You probably see what I mean now. On the one hand there is some great news - cancer hasn't spread like wildfire despite the last 4 months of chemo - while on the other hand there is some cause for new uncertainty. But frankly, even if this scan did simply say "no evidence of FDG avidity anywhere, at all, the cancer demon has been vanquished", it would only be a point in time view. Because I have metastatic cancer with the worst grade of lymph spread, there is always going to be a high risk it will return, even if I initially get some good scans. The new art of post stage 4 cancer living - or 'surviving - which I think I am yet to perfect, is to find peace with that uncertainty, to live well despite it and to simply be very grateful for each additional living day. It's also worth noting that with each additional year that a stage 4'er can survive, the odds of a more effective lasting treatment being developed increase.  

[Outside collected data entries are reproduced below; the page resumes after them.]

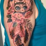 Tetování lapač snů s pírky a květy a zvíře na rameno
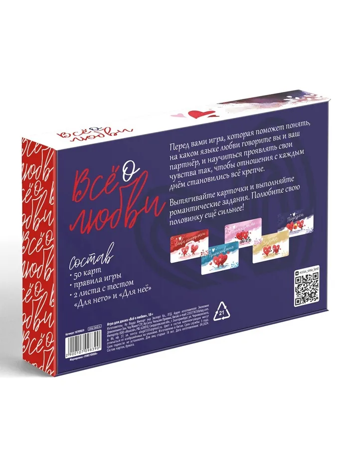 «Всё о любви» – это игра, которая поможет понять, на каком языке любви говорите вы и ваш партнёр. Также вы научитесь проявлять чувства так, чтобы отношения с каждым днём становились всё крепче.
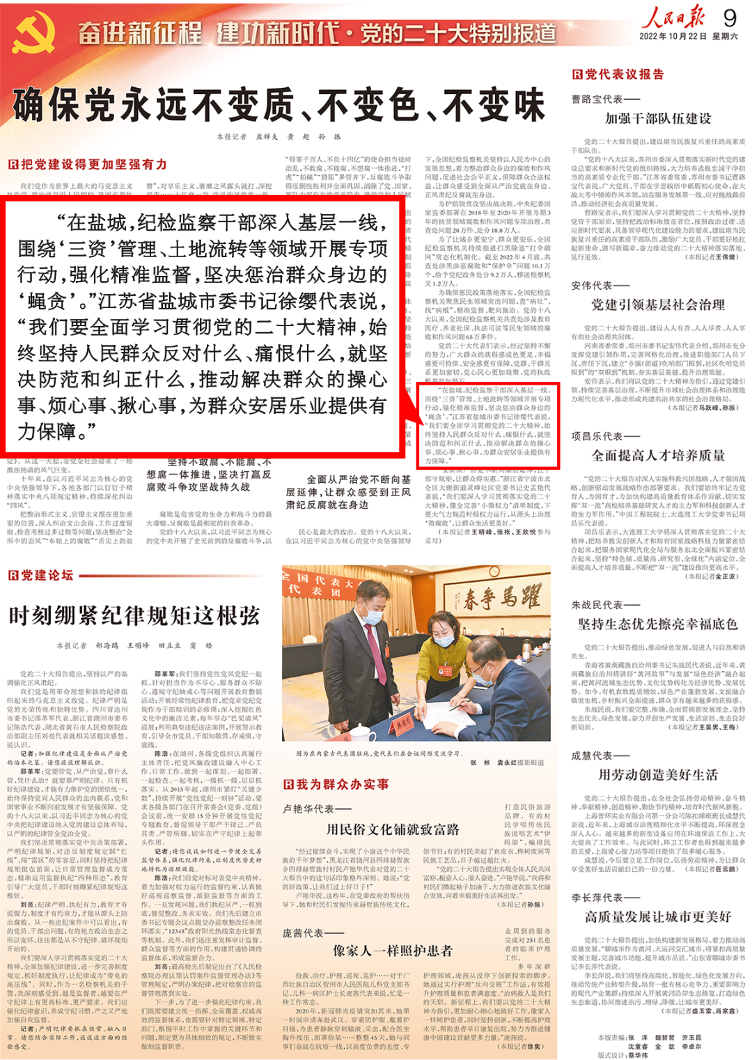 “在盐城,纪检监察干部深入基层一线,围绕‘三资’管理、土地流转等领域开展专项行动,强化精准监督,坚决惩治群众身边的‘蝇贪’。”江苏省盐城市委书记徐缨代表说,“我们要全面学习贯彻党的二十大精神,始终坚持人民群众反对什么、痛恨什么,就坚决防范和纠正什么,推动解决群众的操心事、烦心事、揪心事,为群众安居乐业提供有力保障。”
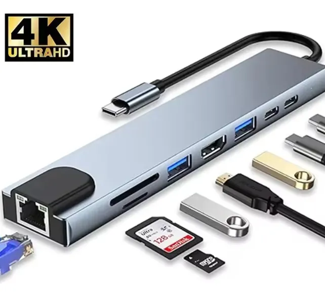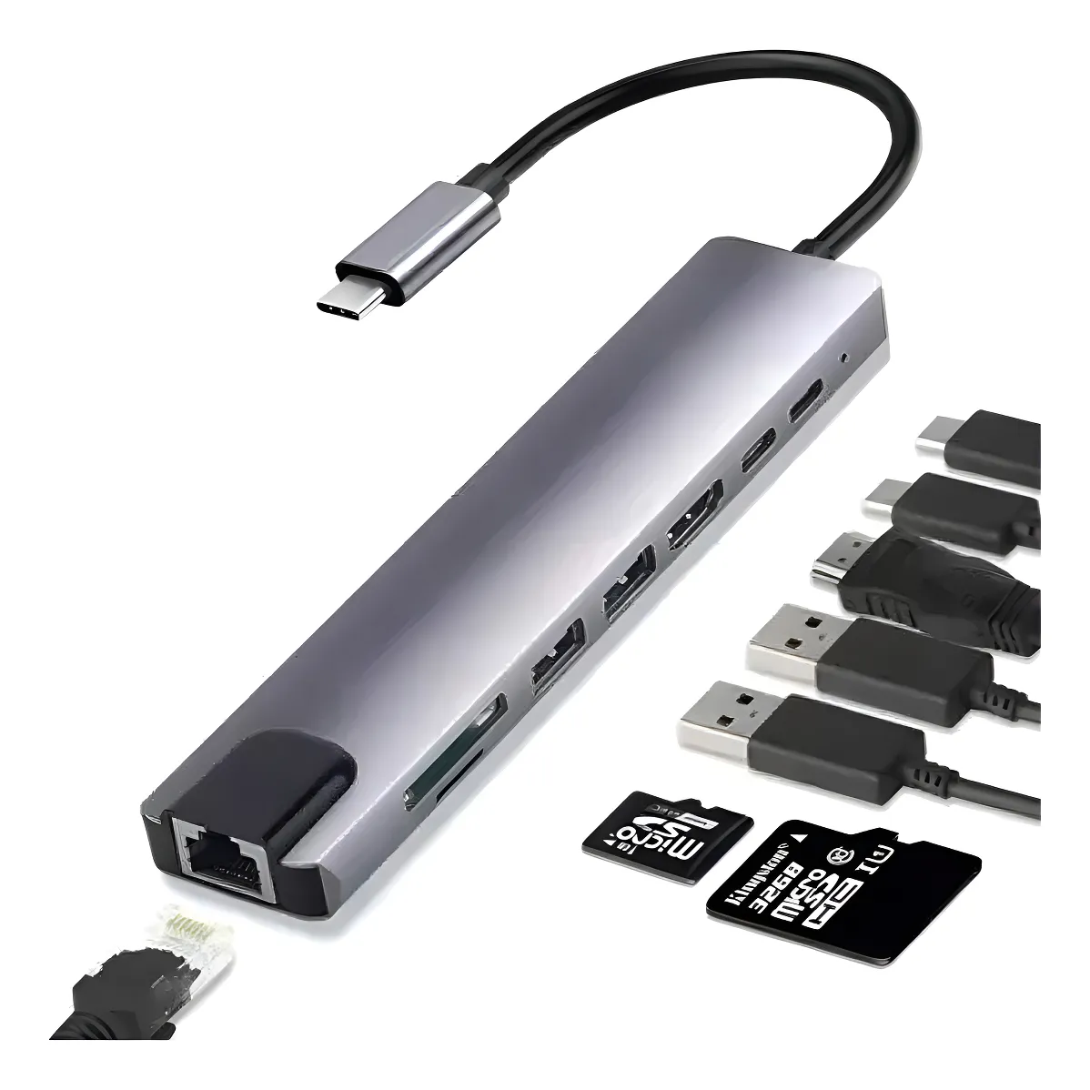 El Hub USB C 8 en 1 expande tu conectividad. Incluye HDMI 4K, Ethernet RJ45 y Carga PD 87W. Carcasa de aluminio elegante. ¡Potencia tu laptop líder aquí!
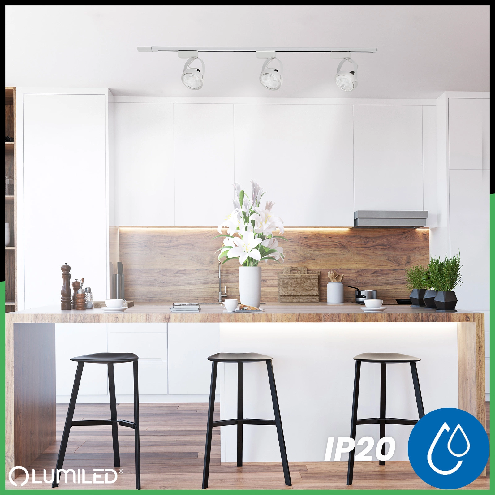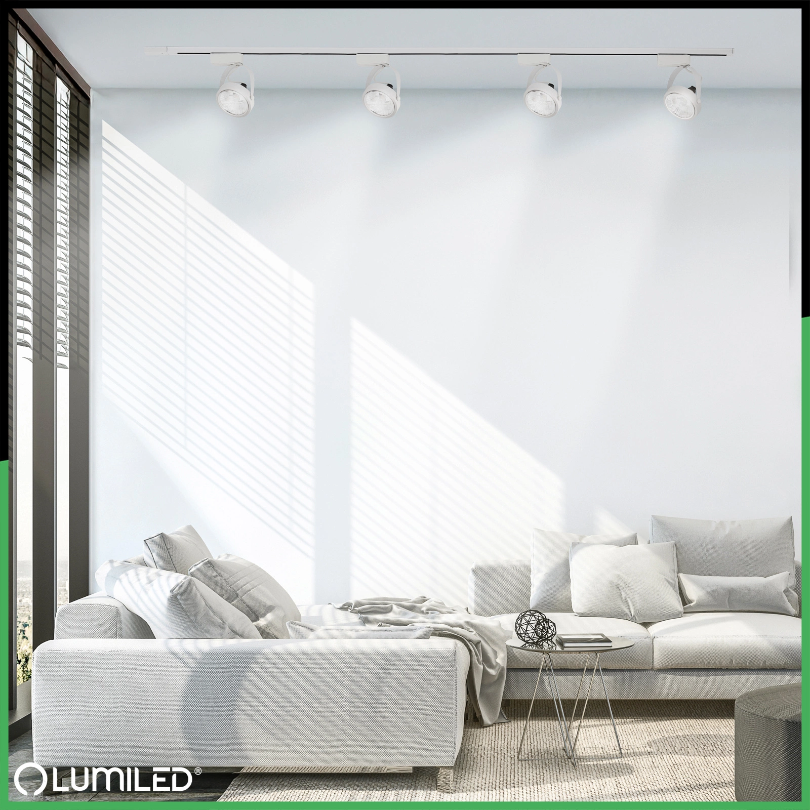 Sada: Osvětlovací lišta 1,5m + Tři reflektory na kolejích v bílé barvě, vyrobené z vysoce kvalitního hliníkové slitiny známé a renomované značky osvětlení Lumiled®, je kombinací minimalismu a funkčnosti, která se hodí do každé místnosti.
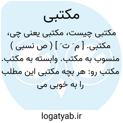 ( صفت ) ۱ - منسوب به مکتب ۲ - شاگردی که به مکتب رود: [ این را که هر بچه مکتبی هم میداند و محتاج به پرسیدن نیست ] ( جمال زاده. سروته یک کرباس. ۱۲٠ )
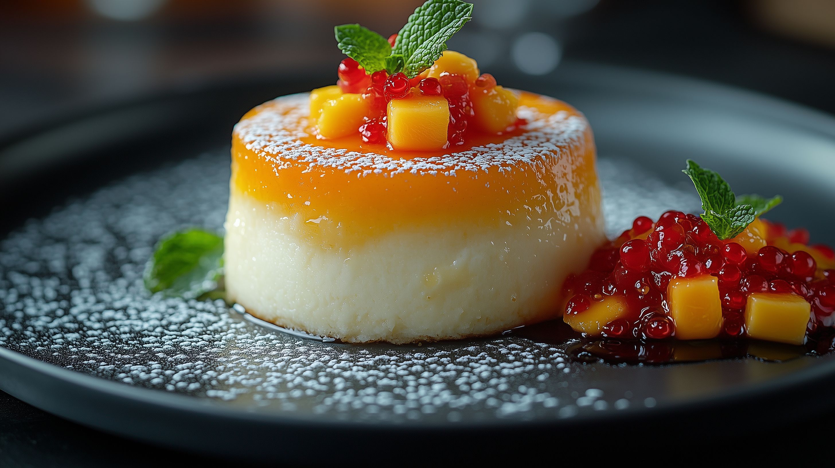 Das Bild zeigt ein elegantes Kokos-Dessert mit tropischen Früchten wie Ananas und Granatapfel als Topping. Das Parfait ist in einer runden Form serviert und mit Puderzucker bestäubt, was dem Gericht eine luftige, leichte Optik verleiht. Garniert ist das Dessert mit frischer Minze, die einen schönen Kontrast zu den saftigen Früchten bildet. Die warmen Farbtöne und die aufwendige Präsentation machen dieses Kokos-Parfait zu einem verlockenden Blickfang für Dessertkarten, Kochbücher oder Lebensmittelfotos. Dieses hochwertige, kostenlose Stockfoto in hoher Auflösung kann unter einer Creative-Commons-Lizenz genutzt werden.
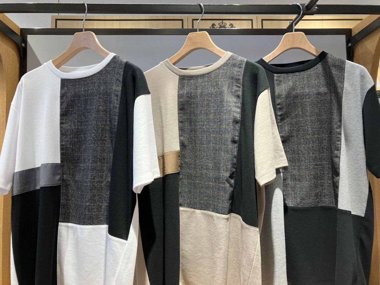 グレンチェックタテ切替Tシャツ
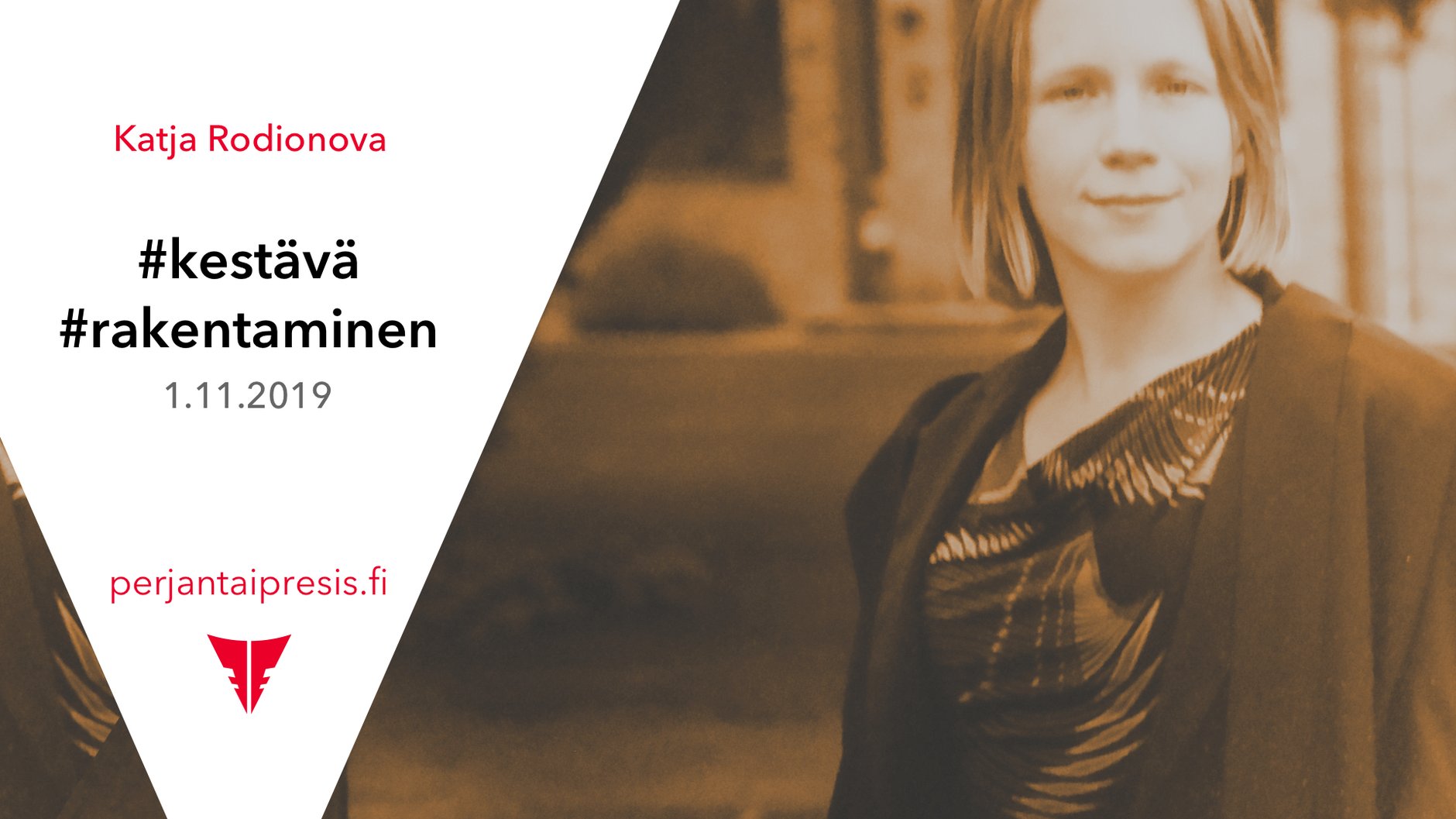 Kestävä rakentaminen on tulevaisuuden kannalta välttämätöntä. Edessä on uusia haasteita urbanisaation ja ilmastonmuutoksen muodossa, eikä näitä voida ratkoa enää perinteisin keinoin. Tällä viikolla (1.11.2019) perjantaipresiksessä Katja Rodionova kertoo meille kestävän rakentamisen haasteista sekä talojen kokonaissuunnittelusta. Mitä se oikein on ja miten digitaalinen teknologia sopii siihen paremmin kuin tavanomaiseen suunnitteluun? Katja lupasi myös kertoa muutaman sanan puutalojen ihmeellisestä maailmasta digitaalisen kaksosen näkökulmasta.

So what next I hear you ask ? Here is a quick run down: 

  • April 16th - General anesthetic surgery to remove the IVC filter from my vena cava. They're not sure if it will be pulled out through my neck or my groin. I am trying not to think about it. 
  • May 9th - General anesthetic surveillance procedure. They are basically going to go in with probes to check those areas of concern identified in the PET scan. I'm told I can look forward to a conscious enema before the procedure. 
  • May 17th - Assuming everything looks ok in the May 9th procedure I will have surgery on the 17th to reverse my ileostomy and fix the large abdominal hernia that I developed as a result of the ileostomy. This will likely entail a week in hospital. 
  • I guess at some point, all going well, there will be another procedure to remove my port

Personally, I'm excited by the prospect of these next few weeks because in the whole time I've been off work - since August last year - I've never had more than a few days free of chemo / radiation side effects or surgical recovery issues. I'm looking forward to spending some 'healthy feeling' time with my family in between these scheduled procedures. And I still have a few projects to finish up and a farm to plant :) Right now it is still hard to imagine, but if things keep going 'well' then hopefully I can be back at work by June. 

Besides getting my PET results, today was also Calla's 4th birthday, and I attempted my 1st birthday cake.